What followed was a DRG version of every slow-moving cable car defense device you’ve ever played in an FPS, as a horde of battered glyphids swarmed out of freshly drilled rock onto our claustrophobic metal ring. Maybe familiar, but I liked it. The constantly moving platform and lack of escape routes made the descent dramatic and desperate, much more so than the static action sequences the game usually trades in. Especially when the drill gets stuck on a particularly stubborn layer of rock and forces one dwarf to leave. feel free to fix it. I play DRG almost every week and this was the first time in months that I felt on the verge of drowning in a sea of ​​mandibles – deep enough that my body would never be found, buried in a perfectly circular grave next to two. game developers.

Holding back the Glyphids while the Drillevator descends in Deep Rock Galactic Season 5.

Watch the sky on the Drillevator. Or at least higher impurities. | Image credit: Rock Paper/Coffee Stain Shotgun Publishing

We survived, however, and our reward was a surprisingly soft landing inside the promised geode. A few moments of seed-gathering and staring into a (strangely beautiful) crystal cave later, it was time to mine another job-related expense: inflated jet boots that could propel us all the way back to the Drillevator hole. This was fun too, and after a battle that purposely nullified our team’s movement abilities, gaining the power of flight felt like the perfect climactic twist.

Basically, I now want to proceed with many, many more deep scans. It’s just a fun, flowing mining-focused mission that DRG hasn’t gotten since 2020; I know the Industrial Sabotage missions were added in Season 1, but they focus on fighting robots and are therefore not good. Besides, even when we’re on the verge of digging up something really terrible, turning back to smashing rock makes a lot of sense. I mean, look at those bearded guys. They are not hackers or virology experts. They are miners. They to mine.

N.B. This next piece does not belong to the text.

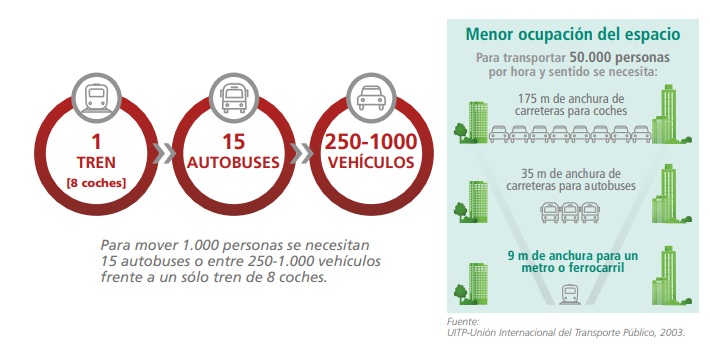 En este sentido, los ferrioviarios exponen que “será necesario también integrar en este ecosistema de la movilidad inteligente a los nuevos agentes que están surgiendo” (en referencia al coche compartido, los aparcamientos disuasorios, la bicicleta eléctrica, el patinete, etc. "Esto deberá llevarse a cabo -concluye Mafex- bajo una perspectiva que ponga al usuario en el centro de los procesos ofreciendo las mejores experiencias de movilidad. Se trata de brindar la solución más eficiente en cada momento integrando datos procedentes de varias fuentes de la infraestructura y la ciudad para una intermodalidad fácil y sencilla". [Bajo estas líneas, a la derecha, una imagen que ilustra otra de las virtudes del ferrocarril, según Mafex, la menor ocupación de espacio].

A gunner using his grenade launcher overclock in Deep Rock Galactic Season 5.

Cluster missiles make short work of Mactera swarms. | Image credit: Rock Paper/Coffee Stain Shotgun Publishing

I assume they are shooting as well, as the 5 series has some promising overclocks for the profession. Judging by the ones I’ve seen in the preview, I’d say the Gunner class is the happiest recipient of an overclock that turns its rocket launcher into an arcing grenade rifle or a lobe of rock-smashing fragmentation bombs. Scouts are wary of splash damage, though it does get some interesting toys, including an M1000 rifle overclock that marks targets for more follow-up damage. Personally, I was hoping for more “motion-assisted” overclocking, along the lines of allowing Scouts to jump shotgun, though Akopyan tells me it’s “a bit tricky” to balance in light of how crucial this shotgun-like upgrade can be. Ah – at least the new 5th series weapon mods keep up the great tradition of making drastic changes to weapon behavior, not just adding or subtracting stats.

As a whole, Series 5 isn’t so much about reworking the basics. In many ways, it actually returns to them after successive high-concept detours from the basic concept of mining. Even so, it looks like another quality update, working within the Rogue Core legacy without turning into an ad, and adding plenty of new things to see, do, and pickaxe. Officially released on June 13th, with the Experimental Branch release on June 4th.